The problem:
Only the images get left out; everything else in the records is to be transcribed exactly.

* * * * * * * * *

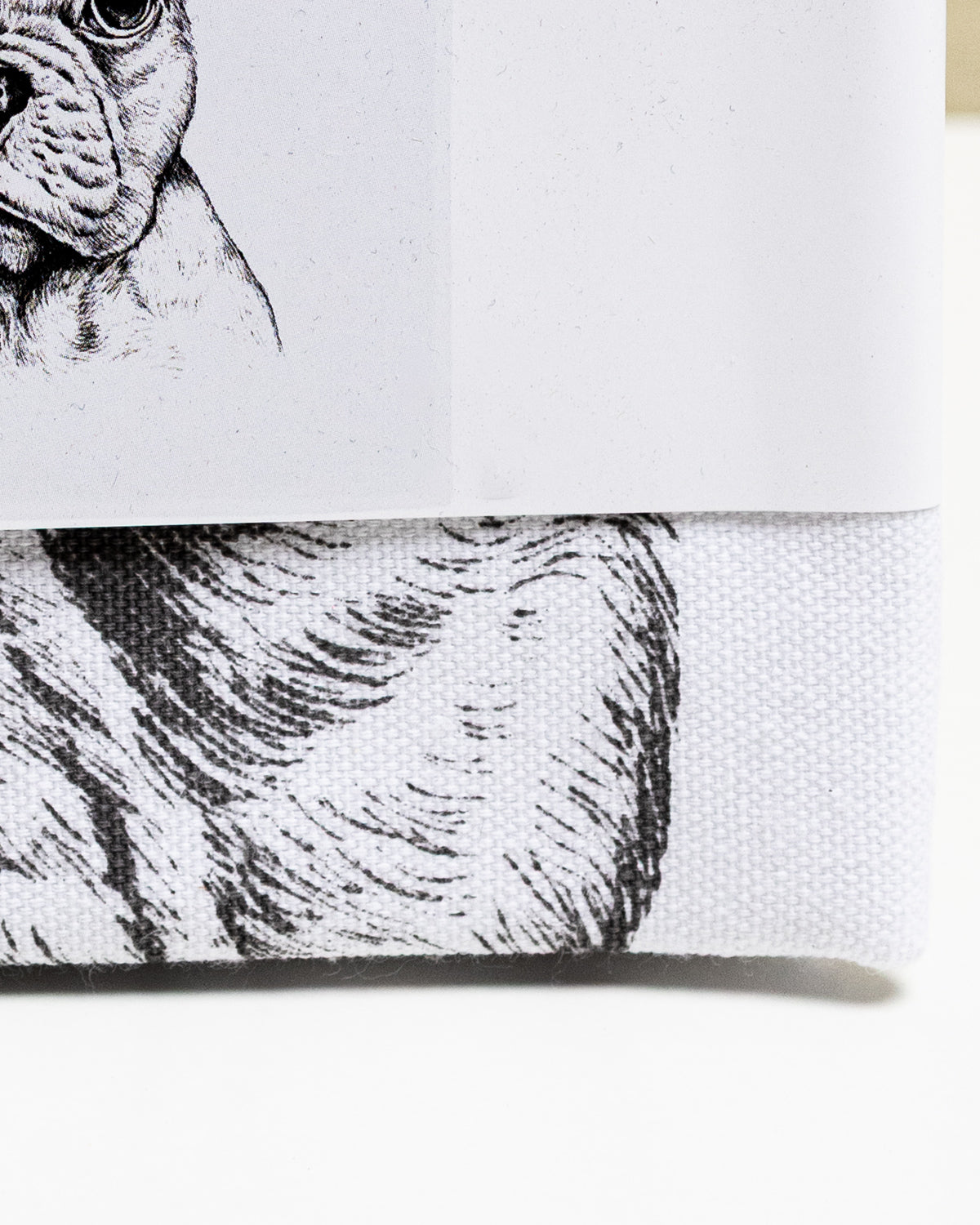 Weißes Geschirrtuch mit schwarzer Zeichnung einem Hund - Siebdruck.
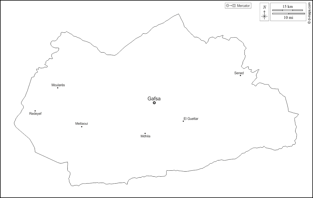 d-maps > अफ्रीका > ट्यूनीशिया > गाफ्सा > बाह्यरेखा, मुख्य शहरों, नाम, सफेद
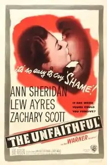 The Unfaithful is a 1947 American murder mystery film directed by Vincent Sherman and starring Ann Sheridan, Lew Ayres and Zachary Scott. It was produced and distributed by Warner Brothers. Regarded by some as a film noir, the picture is based on the W. Somerset Maugham-penned 1927 play and William Wyler-directed 1940 film The Letter,[4] which was reworked and turned into an original screenplay by writers David Goodis and James Gunn who shifted the setting from Malaya to the United States.
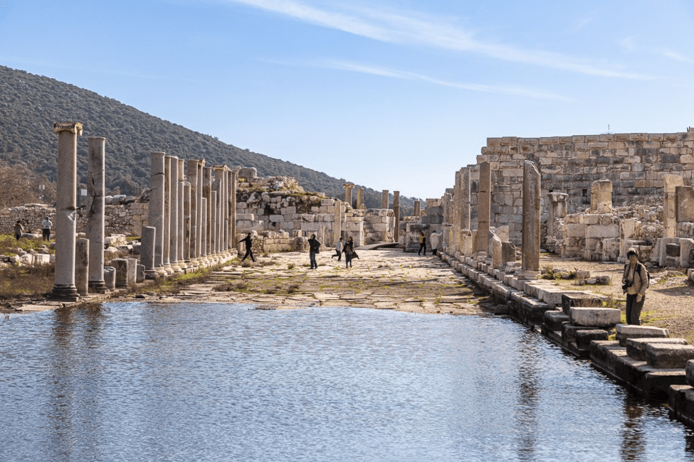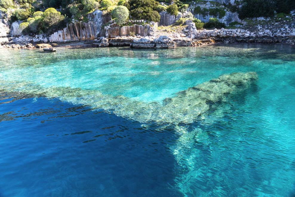 Le site n’est pas extrêmement spectaculaire mais c’est une curiosité de voir les murs de cette petite citée Lycienne qui se sont trouvés à moitié immergés sous 2 m d’eau claire suite à un tremblement de terre.
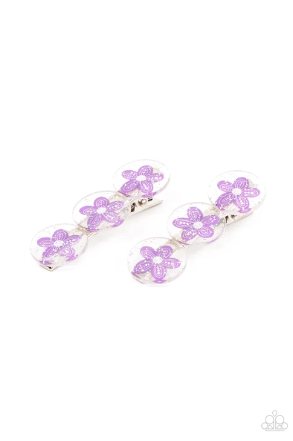 Sprinkled in silvery sparkles, trios of purple flower adorned acrylic discs join into a whimsical pair of hair clips. Features standard hair clips on the back.
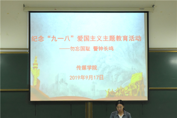 今年是“九一八事变”88周年,为加强爱国主义教育,引导学生铭记历史、勿忘国耻,培养爱国、爱党、爱校情怀,9月17日,传媒学院围绕“铭记历史 爱我中华”主题,号召全体新生,于弘文阶103开展了纪念“九一八”爱国主义主题教育活动。
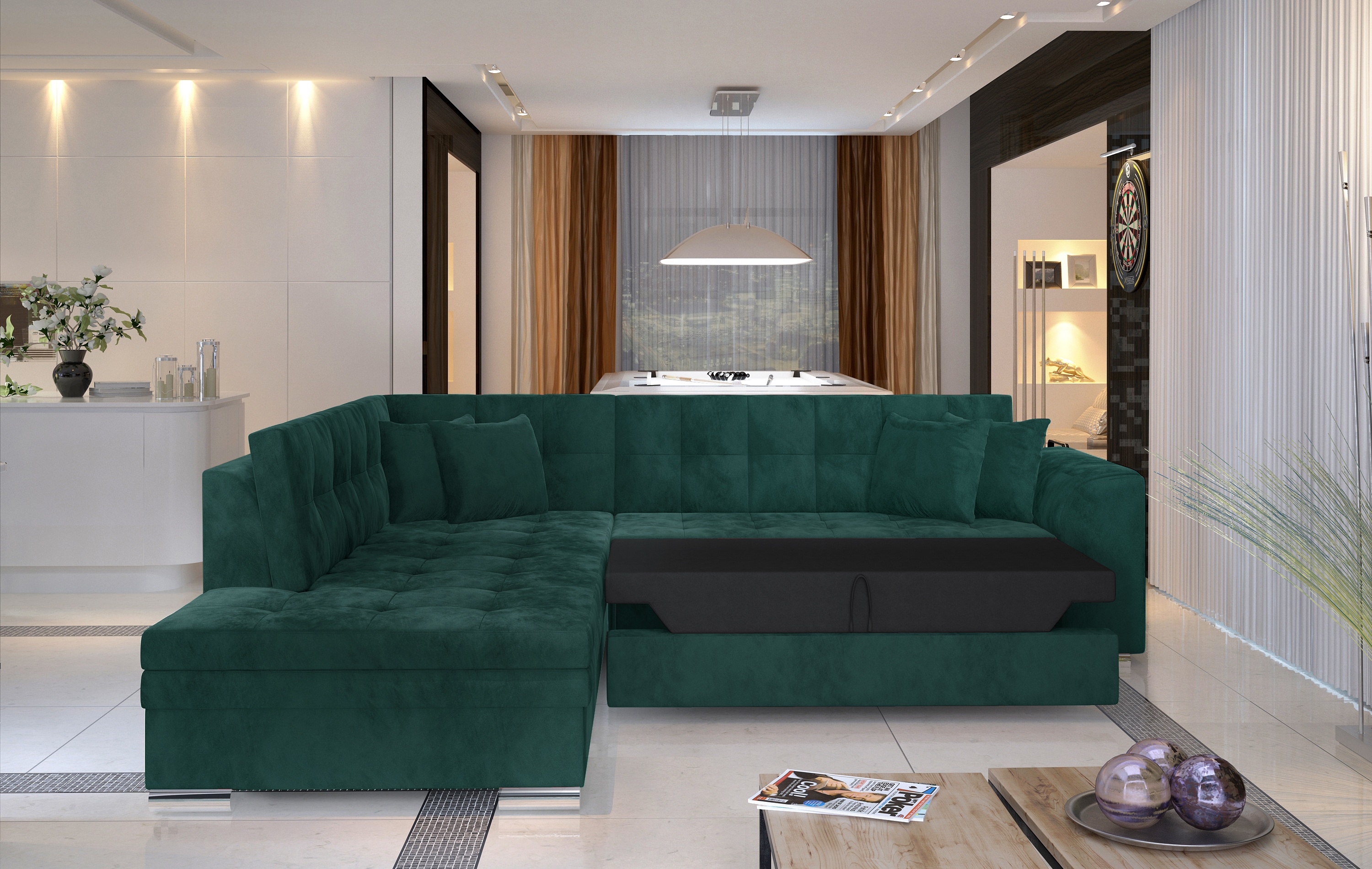 Rozkládací souprava v barevném provedení tmavě modrá. Spací plocha 200x126 cm. Výplň sedáků je vyrobena z vlnité pružiny a pěny T30 - tato kombinace zajišťuje měkkost, pružnost a dostatečnou oporu během odpočinku. Přesné šití a čalouněná tkanina nejvyšší kvality činí nábytek velmi elegantním. Potahová látka jako na hlavní fotografii, provedení pravé. Možnost výběru pravého/levého provedení.
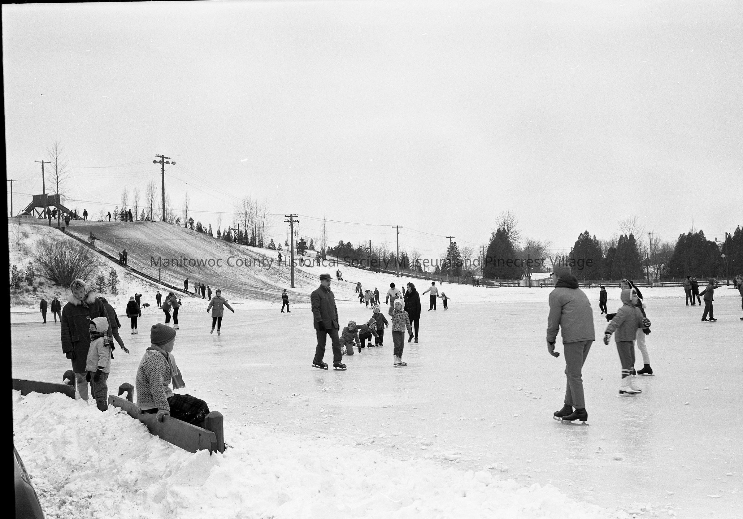 Silver Creek skating rink. Left is sleding hill with old tobaggan slide. Photograph taken on January 10th, 1966.
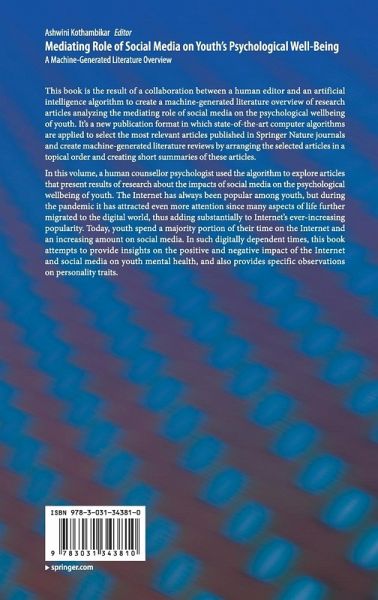 This book is the result of a collaboration between a human editor and an artificial intelligence algorithm to create a machine-generated literature overview of research articles analyzing the mediating role of social media on the psychological wellbeing of youth. It's a new publication format in which state-of-the-art computer algorithms are applied to select the most relevant articles published in Springer Nature journals and create machine-generated literature reviews by arranging the selected articles in a topical order and creating short summaries of these articles.

* * * * * * * * *

Answer box:
 Weißes Geschirrtuch mit schwarzer Zeichnung einem Hund - Siebdruck.
 d-maps > अफ्रीका > ट्यूनीशिया > गाफ्सा > बाह्यरेखा, मुख्य शहरों, नाम, सफेद
 The Unfaithful is a 1947 American murder mystery film directed by Vincent Sherman and starring Ann Sheridan, Lew Ayres and Zachary Scott. It was produced and distributed by Warner Brothers. Regarded by some as a film noir, the picture is based on the W. Somerset Maugham-penned 1927 play and William Wyler-directed 1940 film The Letter,[4] which was reworked and turned into an original screenplay by writers David Goodis and James Gunn who shifted the setting from Malaya to the United States.
 Le site n’est pas extrêmement spectaculaire mais c’est une curiosité de voir les murs de cette petite citée Lycienne qui se sont trouvés à moitié immergés sous 2 m d’eau claire suite à un tremblement de terre.
 Sprinkled in silvery sparkles, trios of purple flower adorned acrylic discs join into a whimsical pair of hair clips. Features standard hair clips on the back.
 今年是“九一八事变”88周年,为加强爱国主义教育,引导学生铭记历史、勿忘国耻,培养爱国、爱党、爱校情怀,9月17日,传媒学院围绕“铭记历史 爱我中华”主题,号召全体新生,于弘文阶103开展了纪念“九一八”爱国主义主题教育活动。
 Rozkládací souprava v barevném provedení tmavě modrá. Spací plocha 200x126 cm. Výplň sedáků je vyrobena z vlnité pružiny a pěny T30 - tato kombinace zajišťuje měkkost, pružnost a dostatečnou oporu během odpočinku. Přesné šití a čalouněná tkanina nejvyšší kvality činí nábytek velmi elegantním. Potahová látka jako na hlavní fotografii, provedení pravé. Možnost výběru pravého/levého provedení.
 Silver Creek skating rink. Left is sleding hill with old tobaggan slide. Photograph taken on January 10th, 1966.
 This book is the result of a collaboration between a human editor and an artificial intelligence algorithm to create a machine-generated literature overview of research articles analyzing the mediating role of social media on the psychological wellbeing of youth. It's a new publication format in which state-of-the-art computer algorithms are applied to select the most relevant articles published in Springer Nature journals and create machine-generated literature reviews by arranging the selected articles in a topical order and creating short summaries of these articles.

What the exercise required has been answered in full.